Throughout the 18th and 19th century, the power of the king was gradually diminished, and parliament emerged as the ultimate authority. And as the British Empire expanded across the world, the concept of representative democracy was spread as well. But since this form of democracy originated from an absolute rule regime, it had inherited a flaw from that regime as well. The concept of parliamentary sovereignty. 

In essence, this gives parliament absolute authority over all of government. Parliament can make laws concerning everything, and cannot bind future parliaments by its laws. No judge can overrule acts of parliament. This means that the current parliament of the United Kingdom can rescind any right or protection granted to its citizens by previous parliaments. I trust the danger of this is clear.

When the time therefore came for the Constituent Assembly to construct the basis of what would form our nation, they already had very clear examples to emulate and pitfalls to avoid. Instead of a sovereign parliament, we have a government split into executive, legislative and executive branches.
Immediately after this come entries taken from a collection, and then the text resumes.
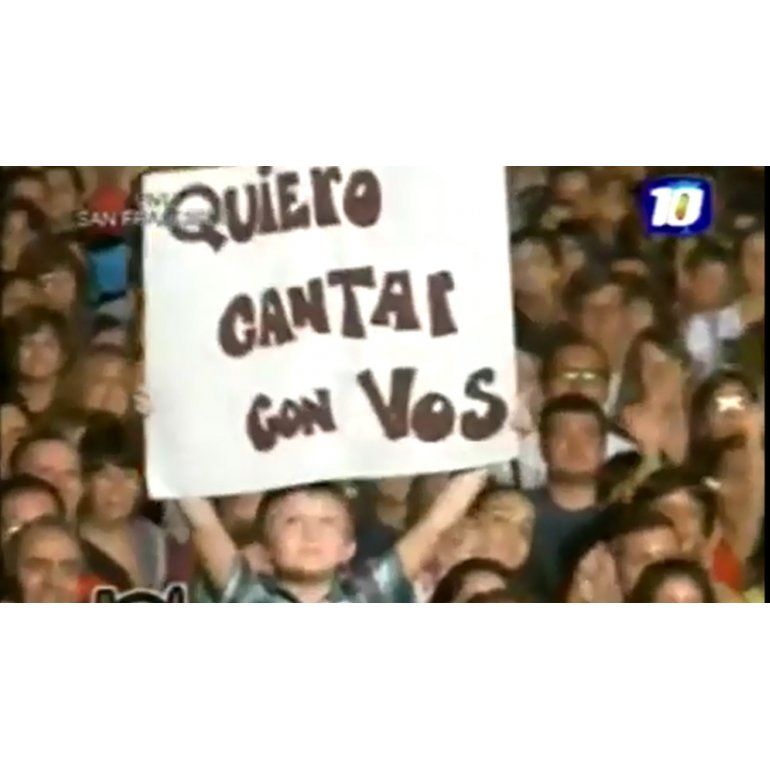 Mientras el cantante presentaba a sus músicos en medio del espectáculo observó al niño que sostenía un cartel con la frase "Quiero cantar con vos" y lo invitó al escenario en el predio de la Sociedad Rural.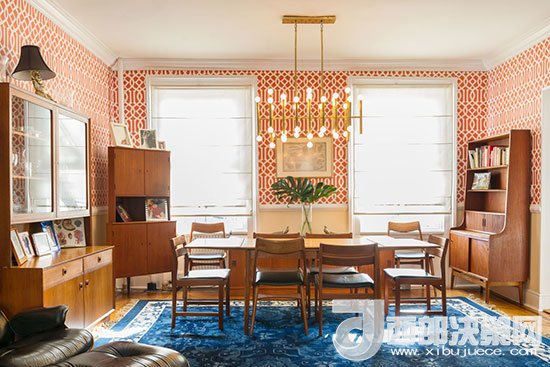 餐廳墻面用橙色為底、帶白色幾何紋理的壁紙來(lái)鋪貼,暖色系空間更能刺激人的食欲,鋪設(shè)藍(lán)色地毯既在空間中形成了色彩碰撞,又是與客廳色調(diào)的呼應(yīng)。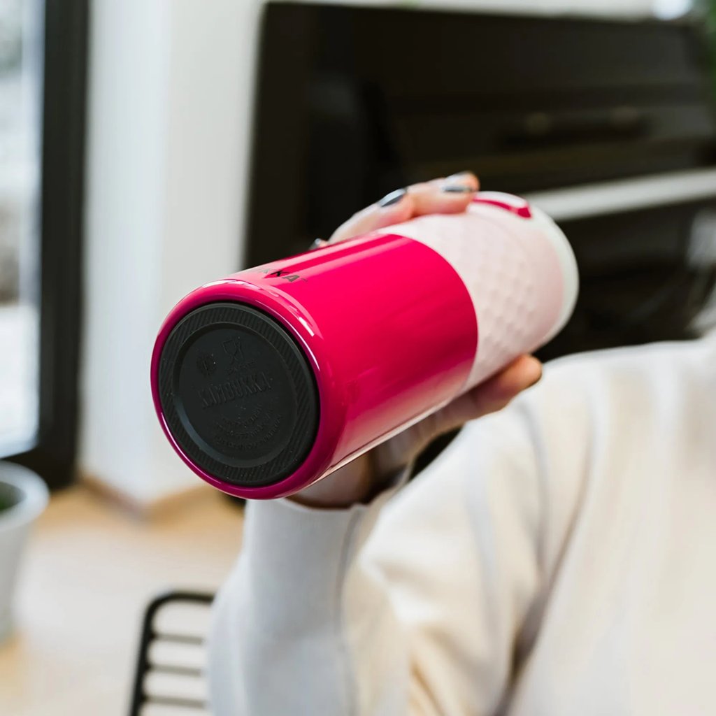 - pojemność 500 ml jest idealna na dłuższe wycieczki, dni pracy lub podróże - mieści się w większości uchwytów na kubki
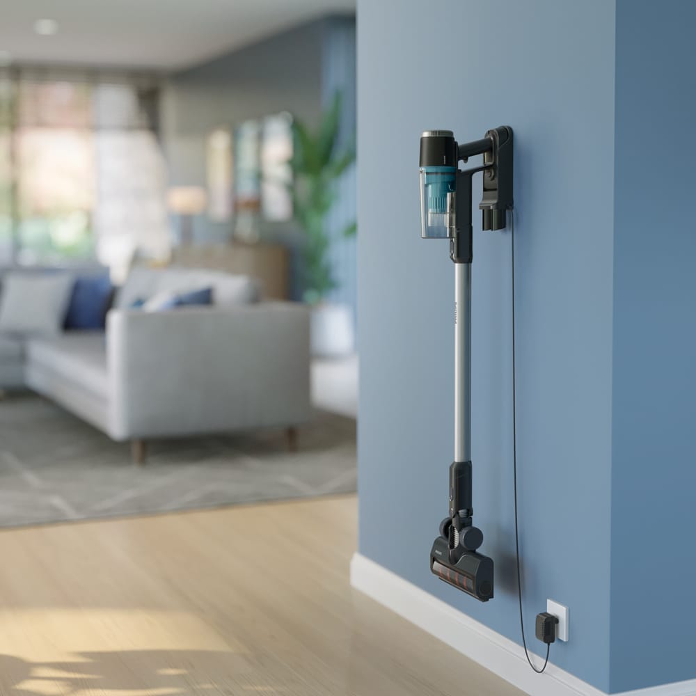 Aspirator vertical PHILIPS XC3133/01, 25.2 V, 0.27l, autonomie max 60 min, PowerCyclone 8, negru-albastru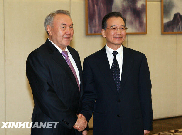 温家宝在会见纳扎尔巴耶夫时表示,中哈战略伙伴关系快速发展,务实合作成果丰硕。面对国际金融危机的严重冲击,两国充分发挥各自优势,加强合作,给双方带来了实实在在的利益。双方要重点做好四方面工作:一是采取积极措施,保持双边贸易增长势头;二是加紧落实已达成的协议,重点推进能源、资源领域的合作;三是加强金融和投资合作,确保大项目顺利实施;四是推动基础设施等非资源领域合作,使两国贸易关系更加富有活力。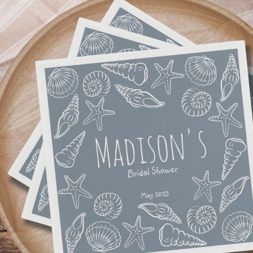 Invitation Invitation à une fête en bord de mer avec Seashells et Starfish Coastal Bridal Shower Invitation! Avec un arrière - plan bleu poussiéreux, cette invitation élégante et entièrement modifiable vous permet de customiser tous les détails de l'événement pour convenir à votre journée spéciale. Le design est magnifiquement encadré de coquillages blancs et de gribouillis d'étoiles de mer dessinés à la main, ce qui crée un charme d'inspiration océanique. Parfait pour une douche de nage sur le thème de la plage, de la mer ou de la mer, cette invitation donne le ton d'un événement élégant et mémorable.

Universal suffrage was implemented from day one. And while our constitution can be amended so as to enable it to remain a living document like the United States Constitution, we elected to entrench the basic rights of our citizens in Article 131, which states: “No repeal or amendment of any of the provisions of Chapter 3 hereof, in so far as such repeal or amendment diminishes or detracts from the fundamental rights and freedoms contained and defined in that Chapter, shall be permissible under this Constitution, and no such purported repeal or amendment shall be valid or have any force or effect.”

I highly recommend that every citizen at least once avails him or herself of the opportunity to read our constitution. If you need more background, there is no more informative work that details its construction than “State Formation in Namibia: Promoting Democracy and Good Governance” by His Excellency Dr Hage Geingob – his doctoral thesis. 
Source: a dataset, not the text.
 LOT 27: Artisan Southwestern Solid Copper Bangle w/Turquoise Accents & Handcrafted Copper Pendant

No structure built can stand for long if it does not have a solid foundation. The same is true for a nation. And as structural engineers will tell you, no one can extend and built atop an existing structure without first examining its foundations to see if it is strong enough to support it. The same is true of a nation. That is what Constitution Day is all about. If we want to continue to build a strong and proud nation, we need to know the foundations it is built upon, or we shall surely fail.